We decided to map metatranscriptome samples to the "pan-genome" of each clade. To construct the pan-genome, we used our reference genome collection to define actinobacterial COGs (clusters of orthologous groups), and defined the pan-genome of a clade as the union of all COGs present in at least one genome. We then used BBMap to uncompetitively map metatranscriptome reads, and counted the unique reads which map to each actinobacterial COG.

### Identification of Actinobacterial COGs

For computational details, please see my [OrthoMCL repo](https://github.com/joshamilton/OrthoMCL), which will be merged into this one at a later date.

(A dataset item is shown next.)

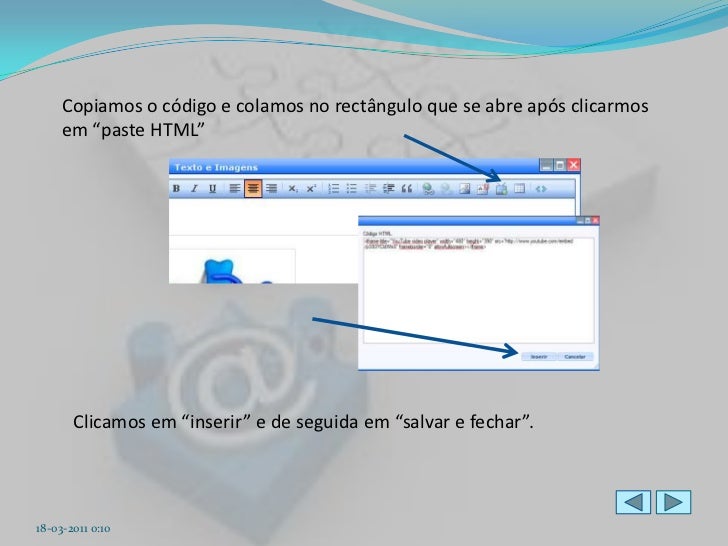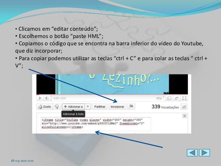 15. 15. • Clicamos em “editar conteúdo”; • Escolhemos o botão “paste HML”; • Copiamos o código que se encontra na barra inferior do vídeo do Youtube, que diz incorporar; • Para copiar podemos utilizar as teclas “ctrl + C” e para colar as teclas “ ctrl + V”;18-03-2011 0:10

We used OrthoMCL to identify clusters of orthologous genes (COGs) in a set of 72 freshwater Actinobacterial genomes. OrthoMCL is an algorithm for grouping proteins into orthologous gene families based on sequence similarity. OrthoMCL takes as input a set of protein sequences and returns a list of COGs and the proteins which belong to each COG. The OrthoMCL pipeline consists of the following steps:

1. Convert KBase-annotated genomes (in `Genbank` format) to fasta amino acid (`faa`) format.
2. Format `faa` files to be compatible with OrthoMCL (script `01faaParser.py`).
3. Run all-vs-all BLAST on the concatenated set of protein sequences  (script `02parallelBlast`).
4. Initialize the MySQL server to store OrthoMCL output and run OrthoMCL (scripts `setupMySql.sh` and `runOrthoMCL.sh`).
5. Rearrange the OrthoMCL output into a user-friendly format (script `05parseCOGs`). The output of this script is described below.

#### cogTable.csv
A table listing the locus tags associated with each (genome, COG) pair.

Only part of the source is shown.